The Mars Sample Return, a joint mission of NASA and ESA, is one of the most ambitious space missions ever conceived: bringing a piece of another planet home to Earth.
To get the samples off the Red Planet, U.S. and European engineers are developing a complex system that throws a rocket into the air just prior to its ignition over the Martian surface.
The challenge: In February 2021, NASA’s Perseverance rover landed on Mars. Seven months later, it collected and stowed its first sample of Martian rock that will eventually be brought off-world.
That’s something no rocket has done before.
Analyzing these Mars rocks will better our understanding of the planet — its climate, geological history, and the possibility that it once hosted life.
Collecting the samples has been hard enough — Percy failed the first time it tried — but getting them back to Earth will be even more complicated, involving two space agencies and four new spacecraft.
Mars Sample Return: The current plan is for NASA to launch a rocket containing a new Mars lander in 2026. Inside the lander will be a small rocket developed by NASA (the Mars Ascent Vehicle, or MAV) and a rover developed by ESA (the Sample Fetch Rover).
Once the lander touches down on Mars, the rover will roll out and collect the Mars rocks, which Perseverance will have stashed on the Martian surface. It’ll then return the samples to the lander, which will use a robotic arm to place them in the MAV.
The next step in the Mars Sample Return mission is for the MAV to lift off from the Martian surface. That’s something no rocket has done before, and NASA thinks the launch will have a better chance of success if the rocket isn’t taking off directly from the surface.
“Mars’ gravity is one-third that of Earth’s, and the rocket’s weight, combined with its exhaust, could cause the lander to slip or tilt,” NASA explained in a news release, “so engineers have conceived of a system to toss the rocket into the air just before it ignites.”
“The whole process happens in a finger-snap, tossing the rocket at a rate of 16 feet (5 meters) per second,” it continued.
NASA is now developing that tossing system (“Vertically Ejected Controlled Tip-off Release,” or VECTOR) using an 881-pound mock rocket (mocket?).
Engineers have tossed this rocket 23 times so far, with it reaching a height of about 11 feet. They’ve been making adjustments to its mass and center of gravity along the way and plan to toss a larger rocket even higher in 2022.
“We’re on the right path,” Chris Chatellier, the system’s lead engineer, said. “Our analysis and predicted models were very close to what we saw in the tests.”
“The plan is to essentially have the capsule perform a controlled crash.”
Albert Haldemann
The final leg: If the MAV successfully launches, the next step in the Mars Sample Return mission is for it to deliver the samples to the Earth Return Orbiter (ERO), a new Mars orbiter that ESA plans to launch in 2026.
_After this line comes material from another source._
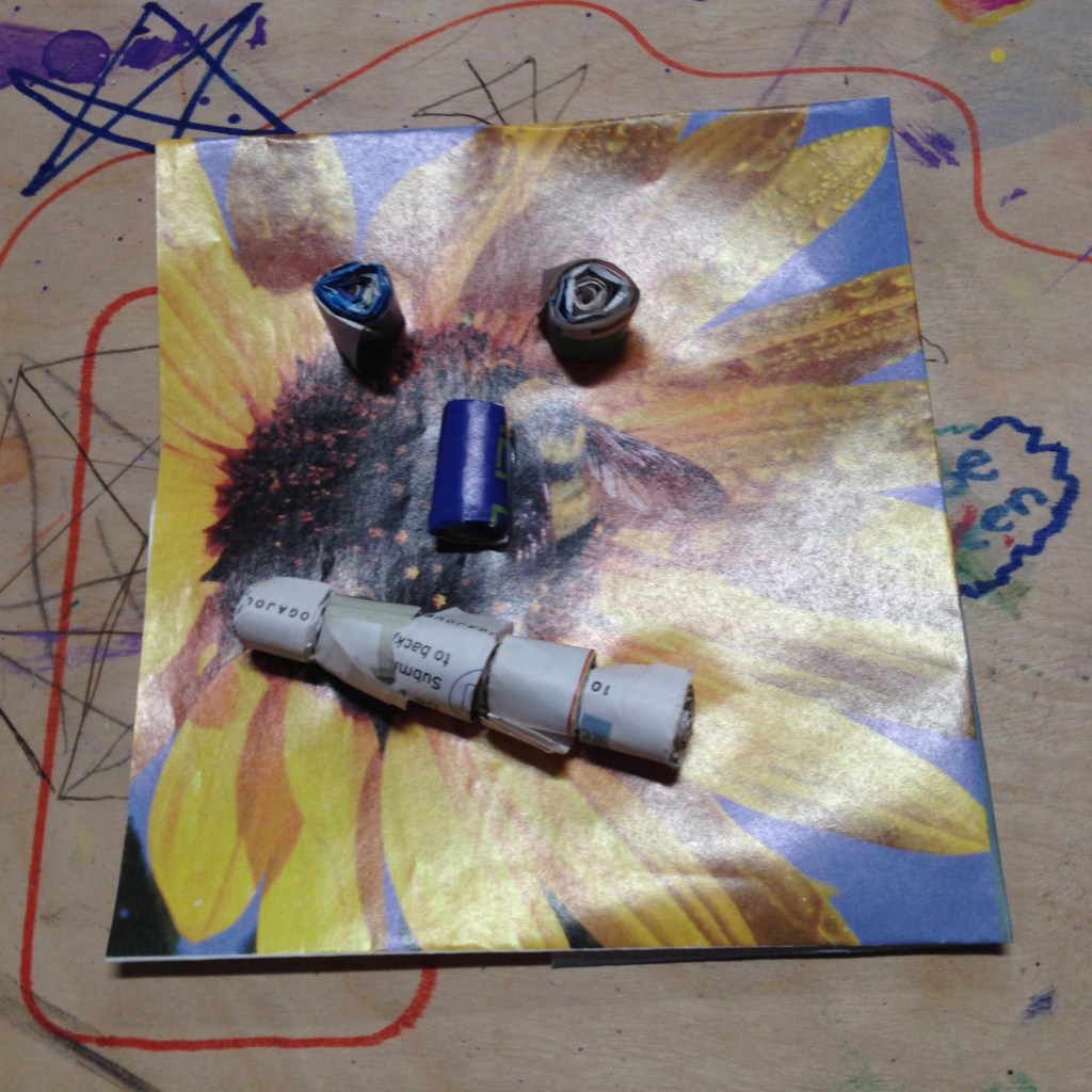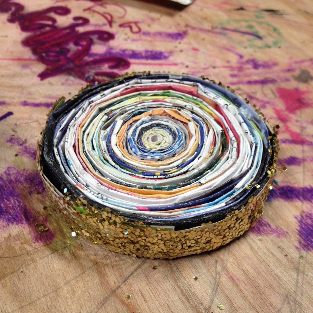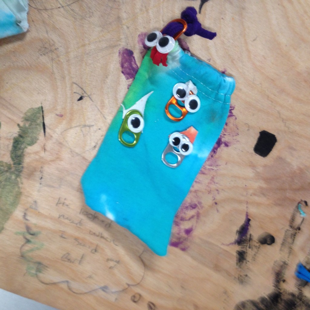 In January 2016, I had the pleasure of teaching an 8-week upcycling course to the teens at LightHouse in Holyoke, MA. LightHouse is not a typical school environment, but it’s an education model that aligns well with my family’s approach to home education and child-directed learning. Each week I brought different creative reuse projects and packed a suitcase on wheels with a variety of materials and tools. The students and I explored ways to repurpose stuff that is often discarded or less valuable in its current state. Including household waste (food cardboard, junk mail, paper, CD’s, magazines, jars & boxes) and textiles (t-shirts, jeans, scrap fabric). We also discussed the importance of reducing waste and brainstormed creative ways to reuse other materials.

The ERO will then return to Earth — something no Mars orbiter has done before — and basically throw a capsule containing the samples at our planet around 2031.
“The plan is to essentially have the capsule perform a controlled crash,” Albert Haldemann, ESA’s Mars chief engineer, told Science Focus. “So we’ll target the crash site, then have the Earth Return Orbiter release the samples and fly away.”